→ DATA EXCERPTS
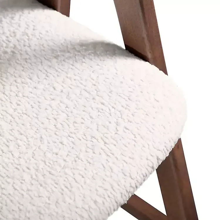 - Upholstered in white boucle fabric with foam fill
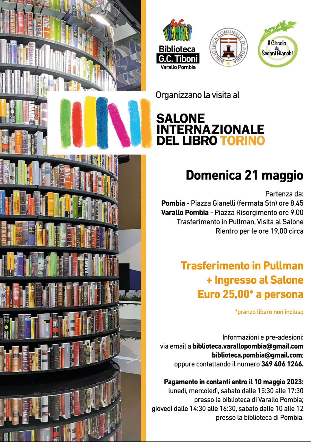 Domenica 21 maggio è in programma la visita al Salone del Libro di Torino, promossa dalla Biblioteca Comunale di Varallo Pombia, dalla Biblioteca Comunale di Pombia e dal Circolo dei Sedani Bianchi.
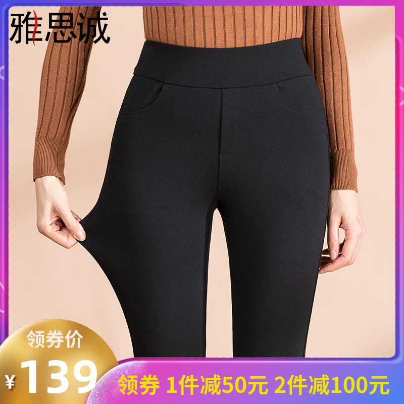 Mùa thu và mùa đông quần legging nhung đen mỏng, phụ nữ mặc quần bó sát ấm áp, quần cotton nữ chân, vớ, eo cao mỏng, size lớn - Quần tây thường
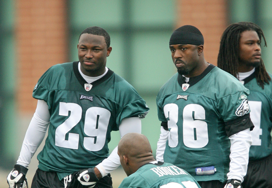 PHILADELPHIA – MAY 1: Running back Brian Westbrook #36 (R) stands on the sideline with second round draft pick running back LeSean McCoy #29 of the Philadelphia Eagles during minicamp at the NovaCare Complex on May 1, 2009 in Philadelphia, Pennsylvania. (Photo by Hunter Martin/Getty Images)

* * *

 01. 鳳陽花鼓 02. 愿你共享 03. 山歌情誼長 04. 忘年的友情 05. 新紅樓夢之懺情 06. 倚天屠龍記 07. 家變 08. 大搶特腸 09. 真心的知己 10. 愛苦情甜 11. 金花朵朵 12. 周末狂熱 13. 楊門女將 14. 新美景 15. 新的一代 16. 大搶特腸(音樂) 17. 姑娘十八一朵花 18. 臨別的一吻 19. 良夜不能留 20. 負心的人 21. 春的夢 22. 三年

---

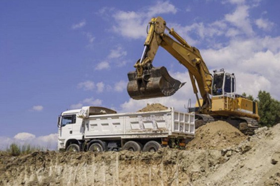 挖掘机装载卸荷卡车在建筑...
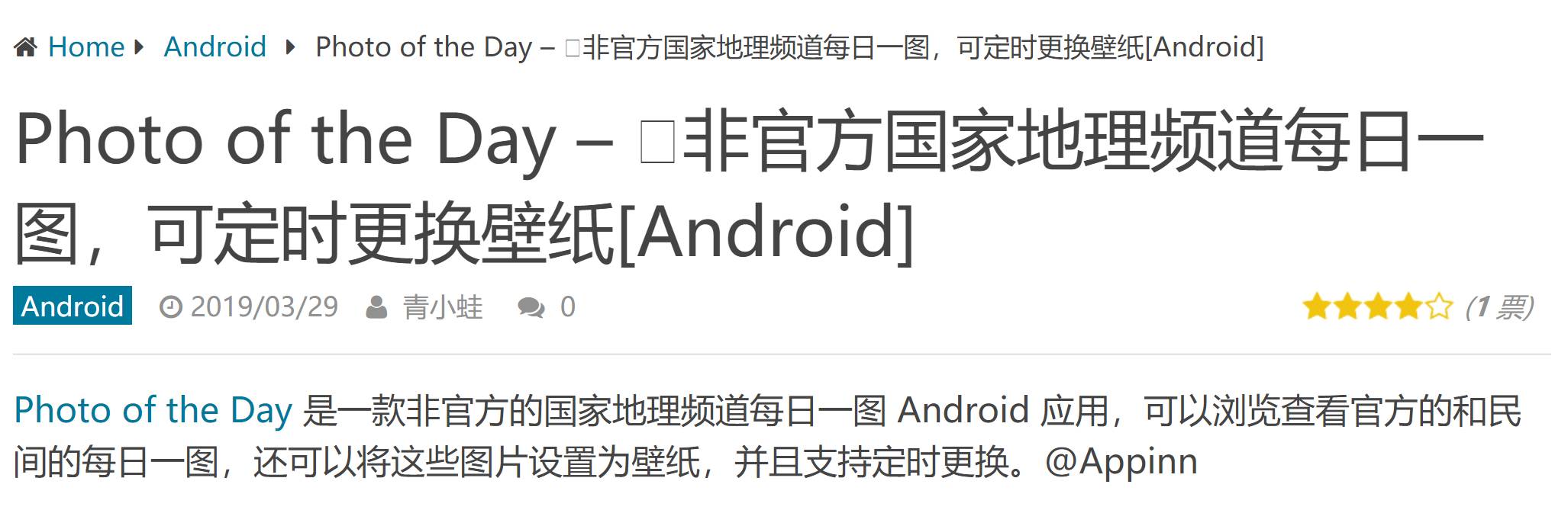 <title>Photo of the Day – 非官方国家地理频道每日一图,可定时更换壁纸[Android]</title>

→ TASK STATEMENT
Using the entries above, transcribe exactly from the line that has "Domenica 21 maggio" through the line that has "PHILADELPHIA – MAY". Pictures are dropped.

→ RESPONSE
 Domenica 21 maggio è in programma la visita al Salone del Libro di Torino, promossa dalla Biblioteca Comunale di Varallo Pombia, dalla Biblioteca Comunale di Pombia e dal Circolo dei Sedani Bianchi.
 Mùa thu và mùa đông quần legging nhung đen mỏng, phụ nữ mặc quần bó sát ấm áp, quần cotton nữ chân, vớ, eo cao mỏng, size lớn - Quần tây thường
 PHILADELPHIA – MAY 1: Running back Brian Westbrook #36 (R) stands on the sideline with second round draft pick running back LeSean McCoy #29 of the Philadelphia Eagles during minicamp at the NovaCare Complex on May 1, 2009 in Philadelphia, Pennsylvania. (Photo by Hunter Martin/Getty Images)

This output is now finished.